■ **WHAT TO PRODUCE**
Return all entries word for word, but drop any images.

■ **RECORDS SUPPLIED**
####

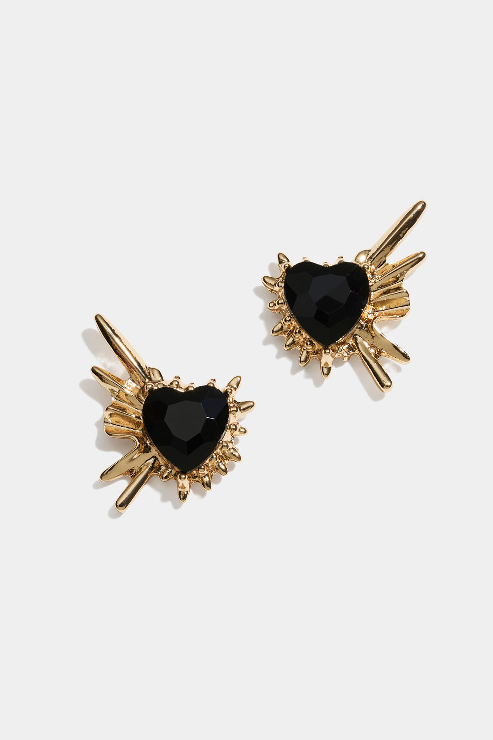 Studs med spisse detaljer og svarte hjerteformede glassteiner.
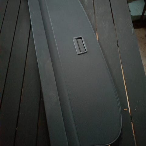 Tallinperältä tarpeettomaksi jäänyt suojaverho. Verhon alapuolella näköjää pikkusen valkeaa spraymaalinsumupisteitä muttei näy paikallaan.
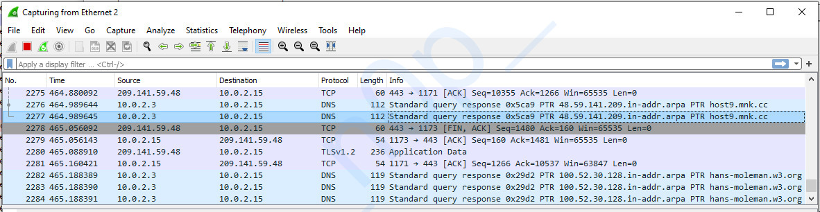 The first packet that we see after msxls runs is a PTR query to (IOC) 209.141.59.48
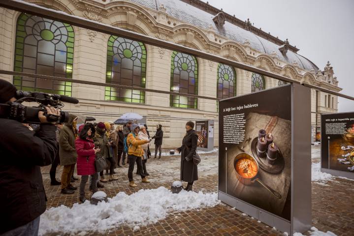 A tárlat során 18 darab szabadon álló, kivilágított installációban összesen 36 tablófelületen keresztül mutatjuk be az adventi gasztronómia ételeit. Karácsonyi tárlatunkhoz kísérő program is kapcsolódik: december 9-én szombaton és 12-én kedden Borbás Marcsi személyes tárlatvezetést tart, kóstolóval egybekötve. Borbás Marcsi vendége lesz a december 12-i Várkert Irodalom Aposztróf – Angyal zenéje, gyertyafény című estnek is Juhász Anna irodalmár beszélgetőtársaként a Várkert Bazárban – hallottuk a Főőrség épületében a délelőtti sajtókóstolón. Fotóink a Várkapitányság felvételei.
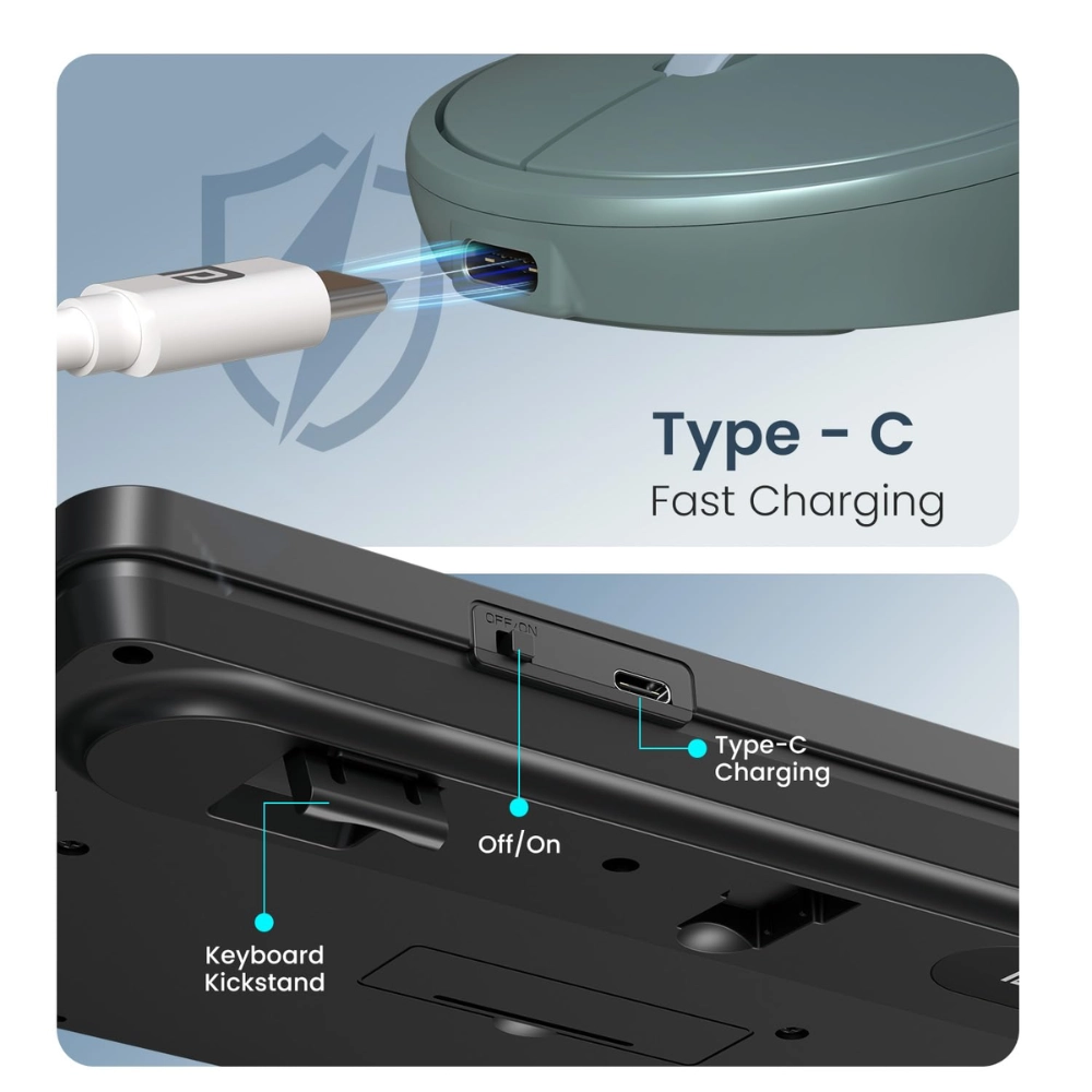 🔋 Rechargeable Keyboard & Mouse: Long-lasting battery with Type-C fast charging.

####

■ **RESPONSE TO THE TASK**
 Studs med spisse detaljer og svarte hjerteformede glassteiner.
 Tallinperältä tarpeettomaksi jäänyt suojaverho. Verhon alapuolella näköjää pikkusen valkeaa spraymaalinsumupisteitä muttei näy paikallaan.
 The first packet that we see after msxls runs is a PTR query to (IOC) 209.141.59.48
 A tárlat során 18 darab szabadon álló, kivilágított installációban összesen 36 tablófelületen keresztül mutatjuk be az adventi gasztronómia ételeit. Karácsonyi tárlatunkhoz kísérő program is kapcsolódik: december 9-én szombaton és 12-én kedden Borbás Marcsi személyes tárlatvezetést tart, kóstolóval egybekötve. Borbás Marcsi vendége lesz a december 12-i Várkert Irodalom Aposztróf – Angyal zenéje, gyertyafény című estnek is Juhász Anna irodalmár beszélgetőtársaként a Várkert Bazárban – hallottuk a Főőrség épületében a délelőtti sajtókóstolón. Fotóink a Várkapitányság felvételei.
 🔋 Rechargeable Keyboard & Mouse: Long-lasting battery with Type-C fast charging.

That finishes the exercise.